Edit: Also I believe this documentation may be useful to solve this: https://docs.projectcalico.org/networking/ipv6#enabling-ipv6-support-in-calico
I'm not sure where to go from here. I'm guessing calico has something to do with ingress not working on secondary nodes - I spun up nginx and enabled / added ingress. I can only load nginx when hitting the ip of the master node which has the pod, but not the second node. It's my understanding that the internal "service" for the nginx deployment should be reachable from both nodes so that I can load balance requests between all nodes and have requests be shuttled to the correct node depending on where the pods are.
@ktsakalozos Is there enough information here to hand off the issue? I'm a docker noob so I don't have any business poking around calico.
This issue has been automatically marked as stale because it has not had recent activity. It will be closed if no further activity occurs. Thank you for your contributions.
The issue is not stale.
microk8s still not handles IPv6 properly.
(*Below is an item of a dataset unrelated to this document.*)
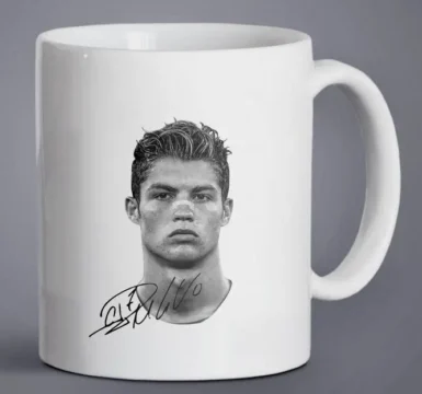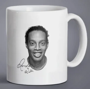 Taza de cerámica + Uso doméstico/oficina + Taza de café o té + Diseño de Messi, Ronaldo, Neymar o Ronaldinho, impresa a doble cara

# microk8s join 2001:db8:ac7:8901:f05d:7b70:e348:fef8:25000/11111111112222222222333333333344/eeffffffffff
Contacting cluster at 2001
Connecting to cluster failed with nonnumeric port: 'db8'.
It seems the
microk8s join
script doesn't handle ipv6 addresses at all. My nodes use an ipv6 overlay network to communicate and cannot reach each other over ipv4. Maybe adding a -6 flag is a good solution, or potentially detecting the ipv6 format.I tried to fix it with this patch:
But I just realized that it seems whatever is on port 25000 is only on the lan ipv4 address of my first node. Going off this documentation and port scanning both the v4 and v6 address, it seems that out of the box, port 25000 is the only one that is v4 only for some reason. Maybe it will work once that's fixed.